Entah kenapa aku malas sekali untuk membalas pesan itu. “Udah punya pacar kok masih aja sms” batinku. Aku hanya membalas singkat
tak bersemangat. Sepertinya dia sadar mengapa aku hanya membalas singkat tak
seperti biasanya. Kemudian Rico menjelaskan semuanya..
From : Rico
Del, lo
kenapa? Gue mau ngomong, sebenernya gue jadian sama Rissa itu secara gak
sengaja. Gue niatnya cuma pengen ngisengin temen-temen. Yang lain sih gak
nanggepin, tapi Rissa ngira itu serius, dia malah nerima sebelum gue kirim sms
lagi kalau itu cuma bercanda. Gue bingung harus gimana, karena gue gak enak
yaudah deh gue jalanin. Gue cuma suka sama lo, Del.. Perasaan gue ke Rissa itu
cuma sebagai temen aja gak lebih, tapi perasaan gue ke lo itu beda.. Maafin
gue..
Aku terdiam, bibirku tiba-tiba saja sulit untuk
bergerak. Aku tak tahu harus membalas apa. “Rico..”
batinku. Aku terharu, mataku mulai berkaca-kaca. Aku kembali menangis..
“Happy anniversary 1 bulan jadian ya, Ris, Co,
longlast!” Pricil memberikan ucapan selamat. Rissa tersenyum senang, sementara
Rico hanya tersenyum kecut. Aku lemas, kembali lemas. Rico menoleh ke arahku. Aku
menunduk. Satu bulan sudah aku menunggu, menunggu sesuatu yang tak pasti.

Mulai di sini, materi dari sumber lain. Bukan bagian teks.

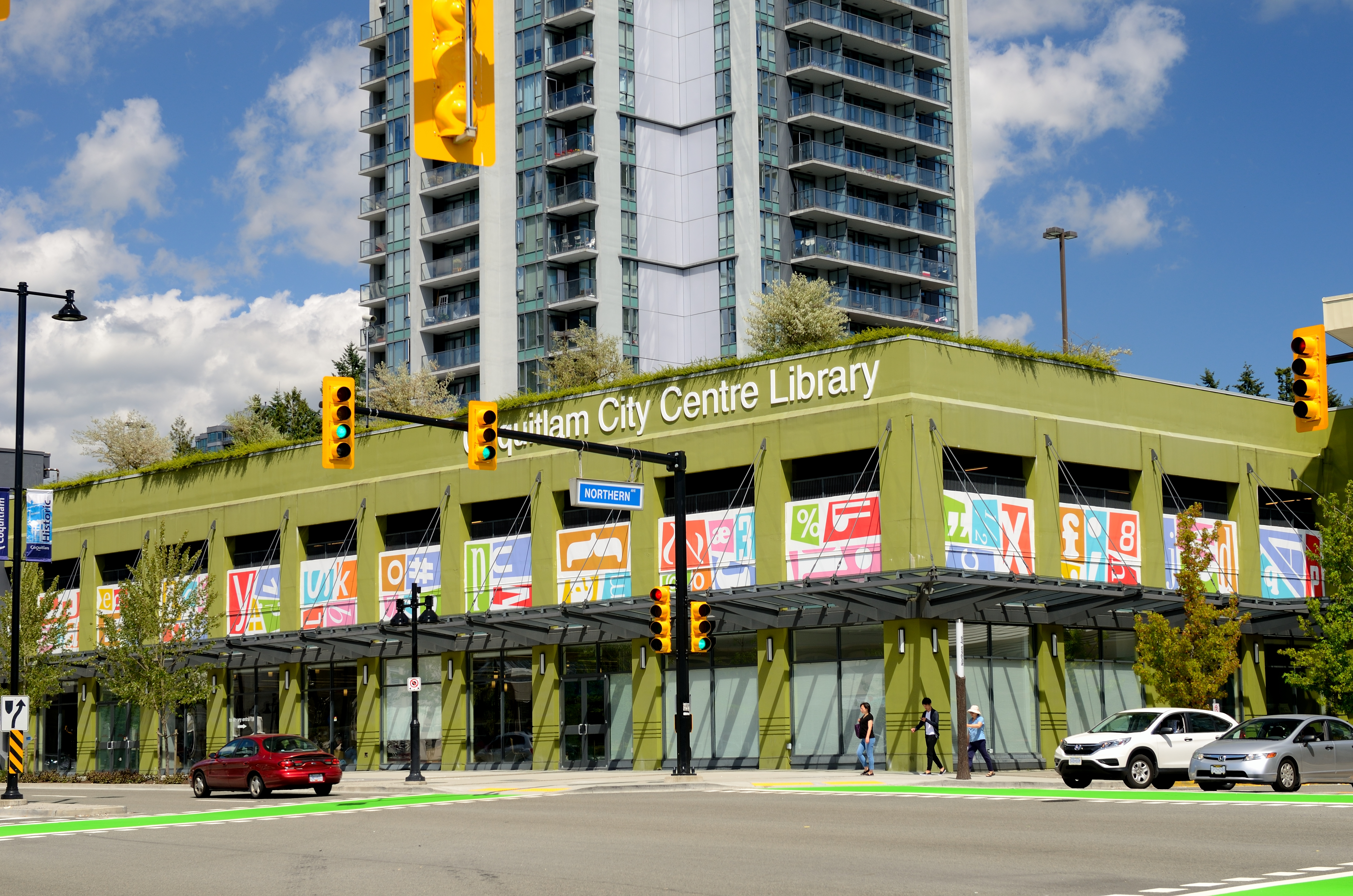 Main branch of the Coquitlam Public Library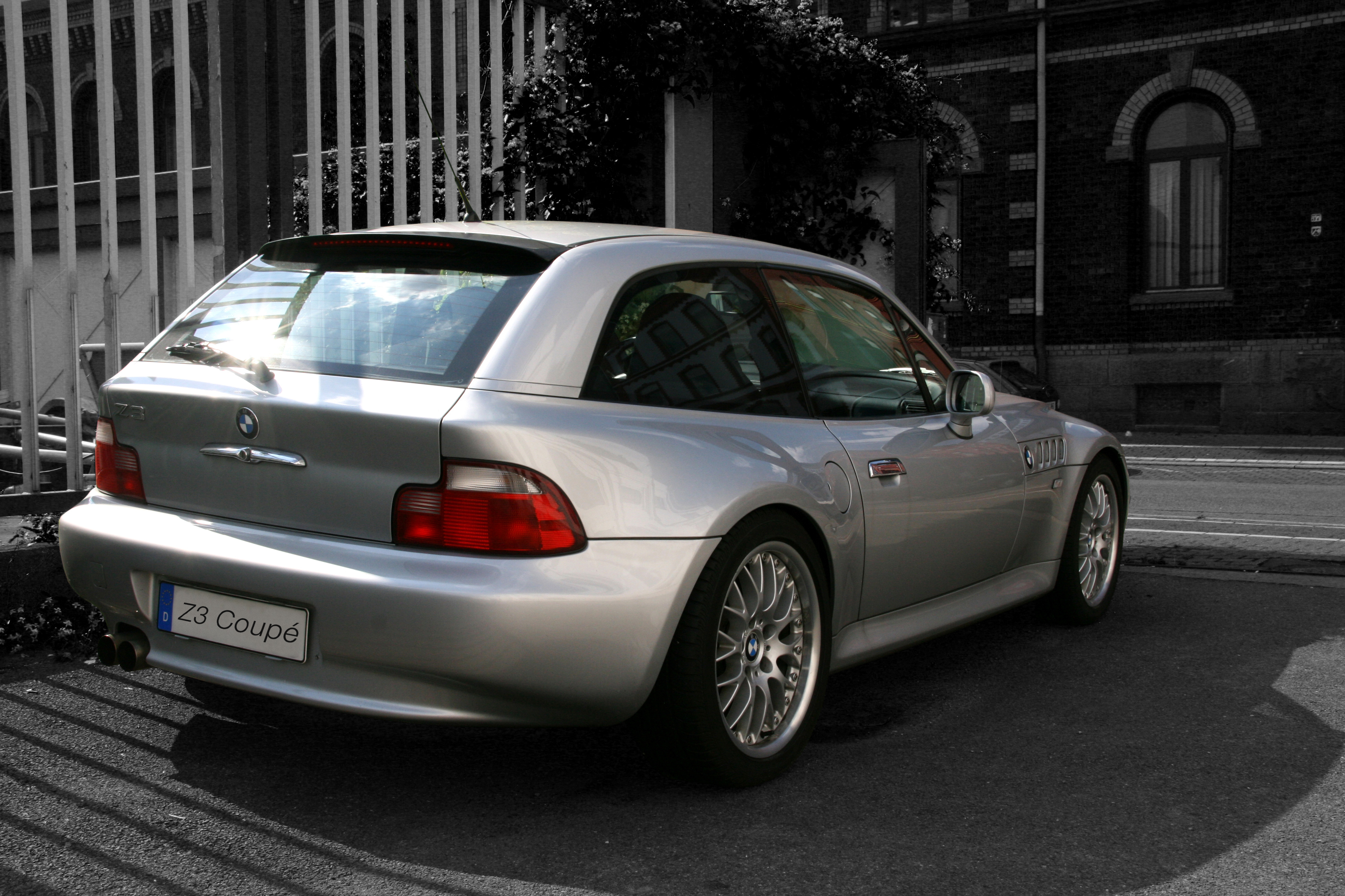 Z3 Coupe 2.8

Beberapa minggu kemudian, Bella memberitahuku kalau Rico dan Rissa sudah putus.
“Hah? Kok bisa, Bel? Kasian
Rissa..” tanyaku.
“Nggak tau, Del” ujar Bella.
Satu
bulan kemudian, sepulang sekolah Rico mengajakku ke suatu tempat.
“Mau kemana, Co?” tanyaku.
“Udah
ikut aja”. Sesampainya di tempat itu Rico berkata..
“Del,
gue mau ngomong sesuatu..” dia menatapku tajam.
“Ngomong
apaan? Santai aja kali serius banget lo” aku tertawa melihat wajahnya yang
begitu serius.
“Mmm,
Del.. lo kan tau kalau gue suka sama lo. Lo mau gak jadi pacar gue? Gue serius
Del gak bohong” tiba-tiba saja aku terdiam kaku. Jantungku berdetak kencang, sangat kencang.
“Rissa gimana, Co?” aku berbicara terbata-bata.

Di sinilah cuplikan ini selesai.